Monday, July 16, 2018

Poisson Mixture Model ②

This article is continuation from Poisson mixture model①. In this article, we will cope with applying gibbs sampling to posterior distribution of Poisson Mixture Model.

0. Approximation with gibbs sampling

We've already create model of Poisson mixture model and sampled from it.

$$x \sim p(x | s, \lambda, \pi)$$


Now what we wanna know is posterior distribution $p(s,\lambda,\pi|X)$, when data $X = (x_1,x_2, \cdots, x_N)$ is observed. Nonetheless posterior distribution is itractable. Thereby approximation is required. On this article we're gonna utilize gibbs samping. If you wanna wrapp your head around gibbs sampling, you can check this link. Gentle introduction to Gibbs Sampling.
In mixture model, it's well known that sampling by sperating latent variable and parameter will give you simple distribution enough to sample from it.

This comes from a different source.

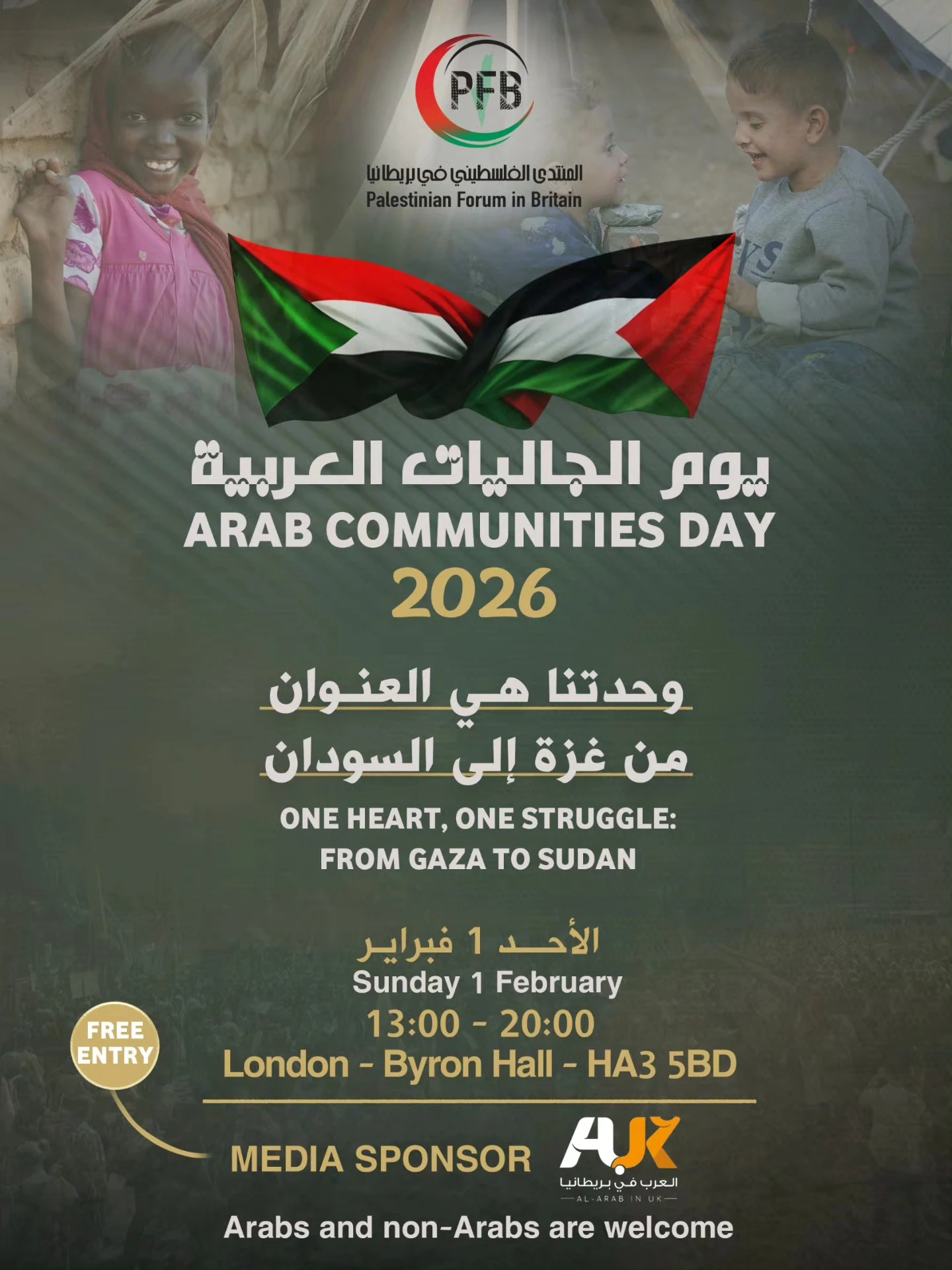 The Palestinian Forum in Britain (PFB) has announced a new community event, Arab Communities Day 2026, set to take place in London on Sunday 1 February.

Therefore according to the following steps, gibbs sampling will be executed.
$$s^i \sim p(s|X,\lambda_{i-1},\pi_{i-1})$$ $$\lambda^i, \pi^i \sim p(\lambda,\pi | X,s^{i}) \tag{1}$$

1. Compute posterior distribution to sample $s$

From above $(1)$, what we know so as to draw sample is posterior distribution of $p(s\ |\ X, \lambda, \pi)$ and $p(\pi,\lambda\ |\ s, X)$. Let's start off with $p(s\ |\ X, \lambda, \pi)$ !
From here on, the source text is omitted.